> _DATA BELOW_
###

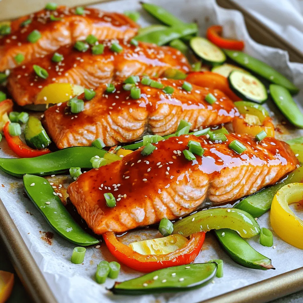 - 4 salmon fillets - 1/4 cup sweet chili sauce - 2 tablespoons soy sauce - 1 tablespoon freshly grated ginger - 2 cloves garlic, minced - 1 bell pepper (red or yellow), sliced - 1 zucchini, sliced - 1 cup snap peas - 2 tablespoons olive oil - Salt and pepper to taste - 2 green onions, sliced - Sesame seeds for garnish For this recipe, I love using fresh salmon fillets. They taste great and cook quickly. Sweet chili sauce gives the salmon a nice, sweet heat. The marinade adds flavor, thanks to soy sauce, ginger, and garlic. I always choose fresh vegetables for this dish. Bell peppers add color and crunch. Zucchini gives a soft texture, and snap peas bring sweetness. Toss these veggies in olive oil, salt, and pepper to make them shine. Finally, don’t skip the garnishes! Green onions and sesame seeds add a lovely touch. They not only look pretty but also add a burst of flavor. Now you’re ready to create a tasty meal! - Preheat the oven to 400°F (200°C). - Line a large baking sheet with parchment paper. First, you need to heat your oven. This step is key for cooking the salmon evenly. While the oven warms, get your baking sheet ready. Parchment paper keeps the salmon from sticking and makes cleanup easy. - Whisk together sweet chili sauce, soy sauce, ginger, and garlic. Next, make your marinade. In a small bowl, combine sweet chili sauce, soy sauce, grated ginger, and minced garlic. Use a whisk to mix them well. This marinade adds a sweet and spicy kick to the salmon. - Place salmon fillets and brush with marinade. - Toss vegetables with olive oil, salt, and pepper, then spread on the baking sheet. Now, it’s time to arrange your salmon and veggies. Place the salmon fillets on one side of the baking sheet. Brush them generously with the marinade you just made. Don’t forget to save some marinade for later! In another bowl, toss your sliced bell pepper, zucchini, and snap peas with olive oil, salt, and pepper. This step gives the veggies great flavor. Spread them on the baking sheet next to the salmon. - Bake for 15-20 minutes. - Drizzle reserved marinade in the last 2 minutes of baking. Put the baking sheet in the oven. Bake for 15 to 20 minutes. Keep an eye on the salmon; it should be flaky when done. In the last 2 minutes, drizzle the reserved marinade on top. This adds an extra layer of flavor to both the salmon and the veggies. Enjoy the delicious smell filling your kitchen! To get perfectly cooked salmon, look for a few signs. The flesh should change from bright pink to a pale, opaque color. You can also check if it flakes easily with a fork. A meat thermometer is your best friend here. Insert it into the thickest part of the salmon. It should read 145°F (63°C) for safe eating. This method prevents overcooking. Overcooked salmon can become dry and lose its flavor. Want more heat in your marinade? Add chili flakes or a touch of sriracha for a kick. This will make your dish spicy and exciting. If you want a gluten-free option, swap soy sauce for tamari or coconut aminos. Both options work well and still give a great taste. Don't be afraid to play with the flavors until you find your favorite mix. Feel free to switch up the vegetables! You can use asparagus, broccoli, or carrots for variety. Aim for a mix of colors for a beautiful plate. To ensure your veggies are crisp-tender, toss them well with olive oil, salt, and pepper. Spread them evenly on the baking sheet. This way, they cook perfectly alongside the salmon. Enjoy the crunch and vibrant flavors! {{image_2}} You can easily swap salmon for chicken or tofu. Both options taste great with the sweet chili sauce. - For chicken, use boneless breasts or thighs. Make sure to cook them for 25-30 minutes. - For tofu, press it first to remove water. Bake it for about 20-25 minutes. Adjust your cooking time based on the protein you choose. This change keeps the meal fun and fresh. Feel free to play with flavors. Teriyaki or hoisin sauce can replace sweet chili sauce. Both add a unique taste. - If you want a kick, add chili flakes or sriracha. - Fresh herbs like cilantro or basil add brightness. Experiment with spices too. This changes the dish while keeping it easy to make. Using seasonal veggies makes the dish better. Fresh ingredients boost flavor and nutrition. - Try asparagus in spring, or butternut squash in fall. - Bell peppers and zucchini are good any time of year. Keep an eye on what's fresh at your store. Adjust the recipe to use what you find. This ensures your meal is always tasty and exciting. To store leftovers properly, let the salmon cool first. Place it in an airtight container. Add the veggies too. Make sure to leave some space at the top. This helps prevent sogginess. You can keep it in the fridge for up to three days. For recommended storage containers, use glass or BPA-free plastic. They seal tightly and keep food fresh. Label each container with the date. This way, you know how long it has been stored. The best methods for reheating salmon include the oven or microwave. For the oven, preheat it to 350°F (175°C). Place the salmon on a baking sheet. Cover it with foil to keep it moist. Heat for about 10 minutes. For the microwave, use a microwave-safe plate. Cover the salmon with a damp paper towel. Heat in short bursts of 30 seconds. Check often to avoid overcooking. This keeps the texture and flavor intact. When freezing leftovers, let them cool completely. Wrap each piece in plastic wrap. Then, place them in a freezer bag. Squeeze out as much air as you can. This helps prevent freezer burn. You can freeze them for up to three months. For best practices in thawing frozen salmon, move it to the fridge overnight. This is the safest way to thaw. If you are in a hurry, you can use cold water. Just keep the salmon in its sealed bag and change the water every 30 minutes. Yes, you can use frozen salmon. To thaw it, place the salmon in the fridge overnight. If you need it faster, seal it in a plastic bag and submerge it
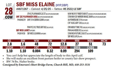 44610928 — Calved: 10/10/24 — Tattoo: RE BBF/LE M25 M25 is a member of our all time favorite cow family. They are always very maternal and easy keepers. She can be the perfect start to a legacy foundation in your herd. Pre-breeding vaccinations will be done prior to the sale and open ready to breed. BW 80 lbs., WW 618 lbs., YW 949 lbs.
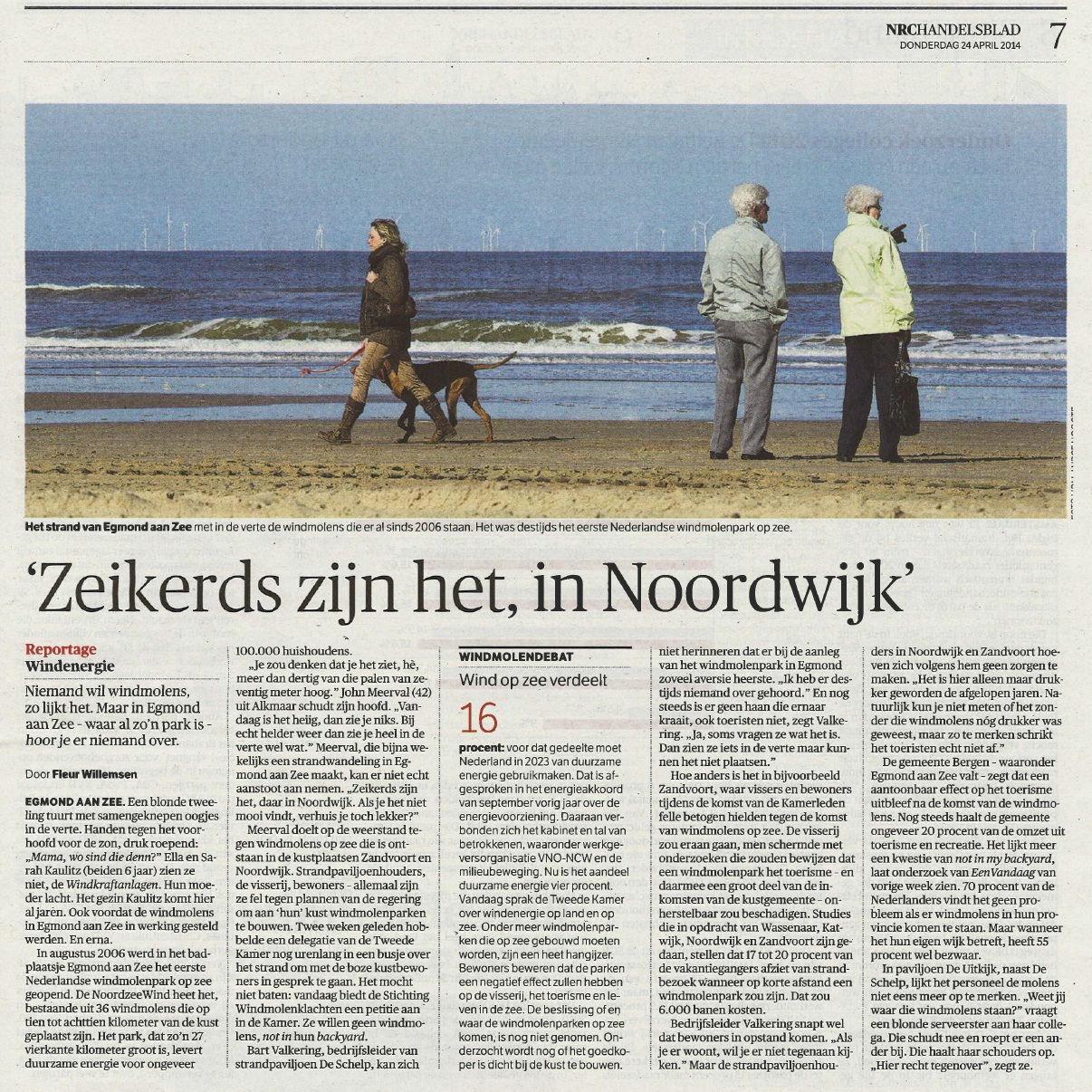 NRC-Handelsblad van gisteren was een beetje polshoogte wezen nemen in Egmond met de vraag wat men dan wel vond van die windmolens bij hunnie aan den zee-einder. Niet veel poblemen daar in Noord-Holland, was de conclusie en dat ze er in o.m. Noodwijk problemen over schopten, dat was allemaal maar onzin. ‘Zeikerds’ waren het.

###

> _WHAT NEEDS TO BE DONE_
Repeat the listing in full and to the letter, excluding every image.

> _RESULT_
 - 4 salmon fillets - 1/4 cup sweet chili sauce - 2 tablespoons soy sauce - 1 tablespoon freshly grated ginger - 2 cloves garlic, minced - 1 bell pepper (red or yellow), sliced - 1 zucchini, sliced - 1 cup snap peas - 2 tablespoons olive oil - Salt and pepper to taste - 2 green onions, sliced - Sesame seeds for garnish For this recipe, I love using fresh salmon fillets. They taste great and cook quickly. Sweet chili sauce gives the salmon a nice, sweet heat. The marinade adds flavor, thanks to soy sauce, ginger, and garlic. I always choose fresh vegetables for this dish. Bell peppers add color and crunch. Zucchini gives a soft texture, and snap peas bring sweetness. Toss these veggies in olive oil, salt, and pepper to make them shine. Finally, don’t skip the garnishes! Green onions and sesame seeds add a lovely touch. They not only look pretty but also add a burst of flavor. Now you’re ready to create a tasty meal! - Preheat the oven to 400°F (200°C). - Line a large baking sheet with parchment paper. First, you need to heat your oven. This step is key for cooking the salmon evenly. While the oven warms, get your baking sheet ready. Parchment paper keeps the salmon from sticking and makes cleanup easy. - Whisk together sweet chili sauce, soy sauce, ginger, and garlic. Next, make your marinade. In a small bowl, combine sweet chili sauce, soy sauce, grated ginger, and minced garlic. Use a whisk to mix them well. This marinade adds a sweet and spicy kick to the salmon. - Place salmon fillets and brush with marinade. - Toss vegetables with olive oil, salt, and pepper, then spread on the baking sheet. Now, it’s time to arrange your salmon and veggies. Place the salmon fillets on one side of the baking sheet. Brush them generously with the marinade you just made. Don’t forget to save some marinade for later! In another bowl, toss your sliced bell pepper, zucchini, and snap peas with olive oil, salt, and pepper. This step gives the veggies great flavor. Spread them on the baking sheet next to the salmon. - Bake for 15-20 minutes. - Drizzle reserved marinade in the last 2 minutes of baking. Put the baking sheet in the oven. Bake for 15 to 20 minutes. Keep an eye on the salmon; it should be flaky when done. In the last 2 minutes, drizzle the reserved marinade on top. This adds an extra layer of flavor to both the salmon and the veggies. Enjoy the delicious smell filling your kitchen! To get perfectly cooked salmon, look for a few signs. The flesh should change from bright pink to a pale, opaque color. You can also check if it flakes easily with a fork. A meat thermometer is your best friend here. Insert it into the thickest part of the salmon. It should read 145°F (63°C) for safe eating. This method prevents overcooking. Overcooked salmon can become dry and lose its flavor. Want more heat in your marinade? Add chili flakes or a touch of sriracha for a kick. This will make your dish spicy and exciting. If you want a gluten-free option, swap soy sauce for tamari or coconut aminos. Both options work well and still give a great taste. Don't be afraid to play with the flavors until you find your favorite mix. Feel free to switch up the vegetables! You can use asparagus, broccoli, or carrots for variety. Aim for a mix of colors for a beautiful plate. To ensure your veggies are crisp-tender, toss them well with olive oil, salt, and pepper. Spread them evenly on the baking sheet. This way, they cook perfectly alongside the salmon. Enjoy the crunch and vibrant flavors! {{image_2}} You can easily swap salmon for chicken or tofu. Both options taste great with the sweet chili sauce. - For chicken, use boneless breasts or thighs. Make sure to cook them for 25-30 minutes. - For tofu, press it first to remove water. Bake it for about 20-25 minutes. Adjust your cooking time based on the protein you choose. This change keeps the meal fun and fresh. Feel free to play with flavors. Teriyaki or hoisin sauce can replace sweet chili sauce. Both add a unique taste. - If you want a kick, add chili flakes or sriracha. - Fresh herbs like cilantro or basil add brightness. Experiment with spices too. This changes the dish while keeping it easy to make. Using seasonal veggies makes the dish better. Fresh ingredients boost flavor and nutrition. - Try asparagus in spring, or butternut squash in fall. - Bell peppers and zucchini are good any time of year. Keep an eye on what's fresh at your store. Adjust the recipe to use what you find. This ensures your meal is always tasty and exciting. To store leftovers properly, let the salmon cool first. Place it in an airtight container. Add the veggies too. Make sure to leave some space at the top. This helps prevent sogginess. You can keep it in the fridge for up to three days. For recommended storage containers, use glass or BPA-free plastic. They seal tightly and keep food fresh. Label each container with the date. This way, you know how long it has been stored. The best methods for reheating salmon include the oven or microwave. For the oven, preheat it to 350°F (175°C). Place the salmon on a baking sheet. Cover it with foil to keep it moist. Heat for about 10 minutes. For the microwave, use a microwave-safe plate. Cover the salmon with a damp paper towel. Heat in short bursts of 30 seconds. Check often to avoid overcooking. This keeps the texture and flavor intact. When freezing leftovers, let them cool completely. Wrap each piece in plastic wrap. Then, place them in a freezer bag. Squeeze out as much air as you can. This helps prevent freezer burn. You can freeze them for up to three months. For best practices in thawing frozen salmon, move it to the fridge overnight. This is the safest way to thaw. If you are in a hurry, you can use cold water. Just keep the salmon in its sealed bag and change the water every 30 minutes. Yes, you can use frozen salmon. To thaw it, place the salmon in the fridge overnight. If you need it faster, seal it in a plastic bag and submerge it
 44610928 — Calved: 10/10/24 — Tattoo: RE BBF/LE M25 M25 is a member of our all time favorite cow family. They are always very maternal and easy keepers. She can be the perfect start to a legacy foundation in your herd. Pre-breeding vaccinations will be done prior to the sale and open ready to breed. BW 80 lbs., WW 618 lbs., YW 949 lbs.
 NRC-Handelsblad van gisteren was een beetje polshoogte wezen nemen in Egmond met de vraag wat men dan wel vond van die windmolens bij hunnie aan den zee-einder. Niet veel poblemen daar in Noord-Holland, was de conclusie en dat ze er in o.m. Noodwijk problemen over schopten, dat was allemaal maar onzin. ‘Zeikerds’ waren het.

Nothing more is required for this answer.